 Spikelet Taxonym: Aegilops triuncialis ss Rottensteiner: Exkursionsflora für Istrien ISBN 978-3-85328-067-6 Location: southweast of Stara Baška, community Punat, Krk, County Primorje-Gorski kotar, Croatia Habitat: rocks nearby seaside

★ ★ ★ ★

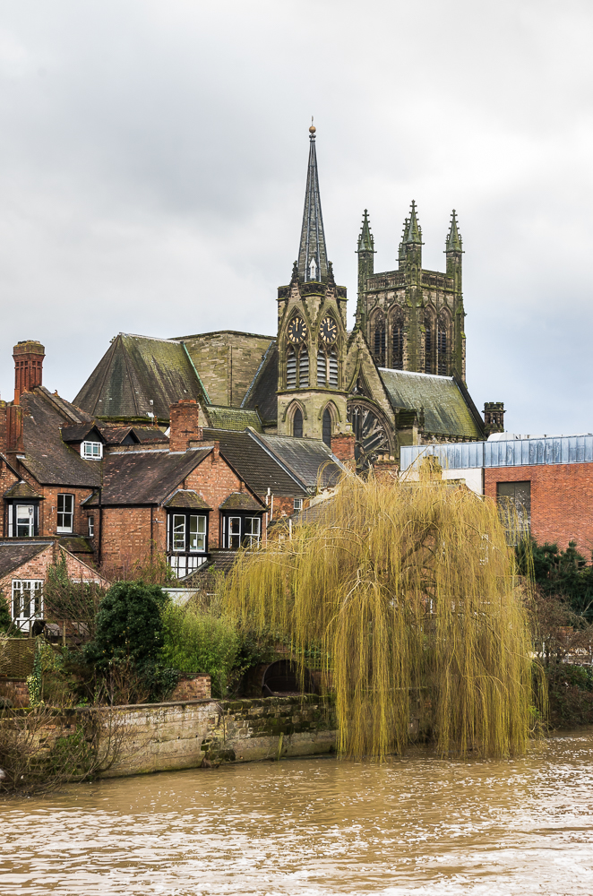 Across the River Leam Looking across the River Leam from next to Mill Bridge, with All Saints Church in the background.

★ ★ ★ ★

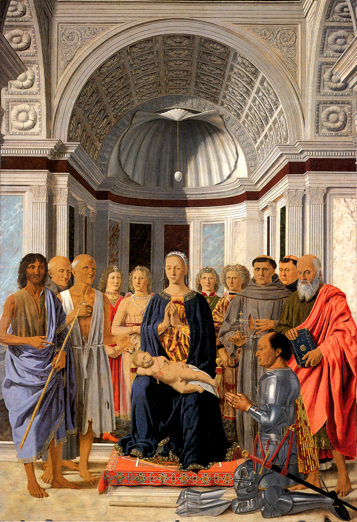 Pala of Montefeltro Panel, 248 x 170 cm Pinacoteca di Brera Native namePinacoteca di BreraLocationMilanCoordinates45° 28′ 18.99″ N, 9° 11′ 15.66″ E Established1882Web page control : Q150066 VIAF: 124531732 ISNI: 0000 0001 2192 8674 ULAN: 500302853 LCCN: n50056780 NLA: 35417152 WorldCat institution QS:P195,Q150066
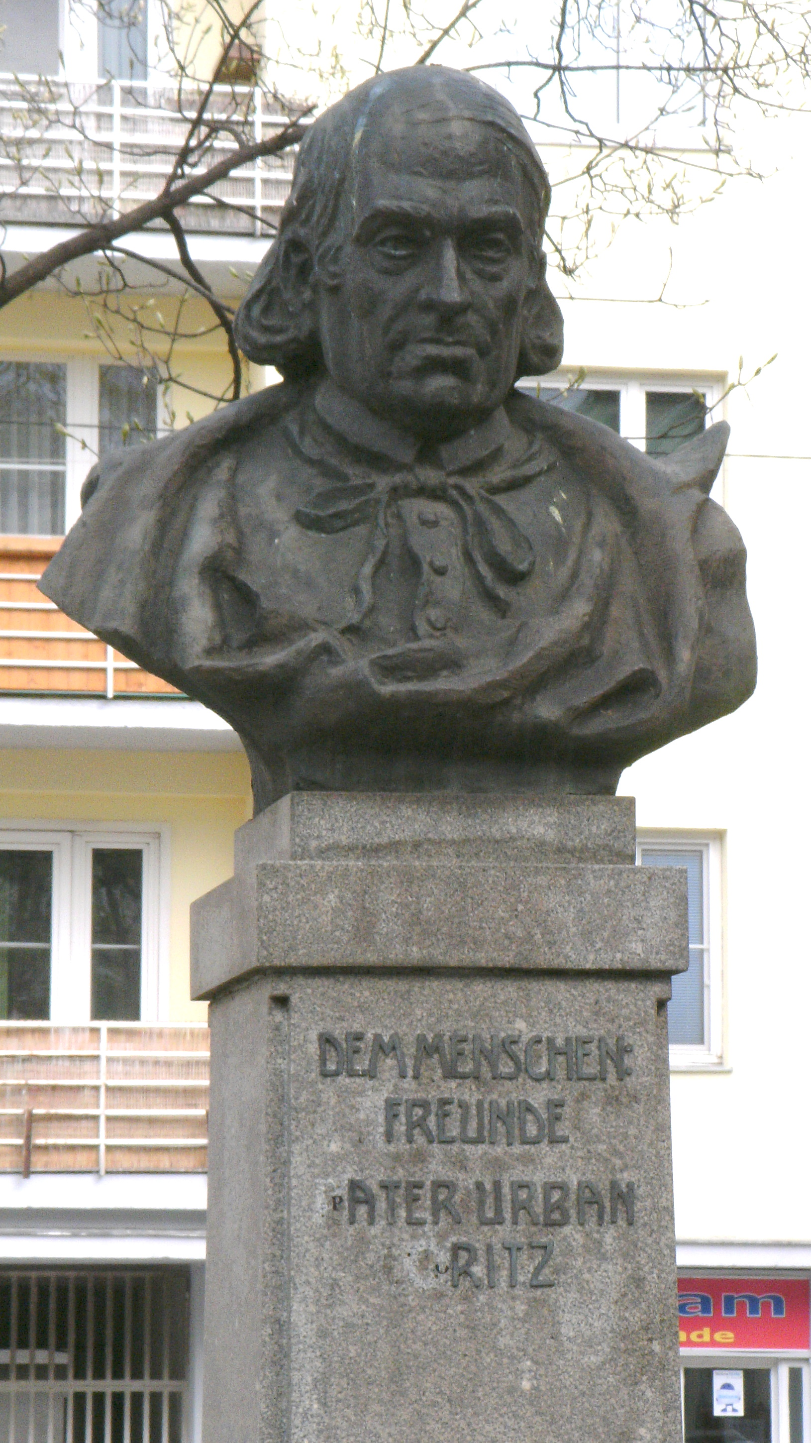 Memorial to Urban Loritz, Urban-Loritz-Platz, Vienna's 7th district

★ ★ ★ ★

WORK REQUIRED ▸ Leaving every picture aside, reproduce exactly the lines above from the one with "Pala of Montefeltro" up to and including the one with "Memorial to Urban", and no others.

TASK OUTPUT ▸
 Pala of Montefeltro Panel, 248 x 170 cm Pinacoteca di Brera Native namePinacoteca di BreraLocationMilanCoordinates45° 28′ 18.99″ N, 9° 11′ 15.66″ E Established1882Web page control : Q150066 VIAF: 124531732 ISNI: 0000 0001 2192 8674 ULAN: 500302853 LCCN: n50056780 NLA: 35417152 WorldCat institution QS:P195,Q150066
 Memorial to Urban Loritz, Urban-Loritz-Platz, Vienna's 7th district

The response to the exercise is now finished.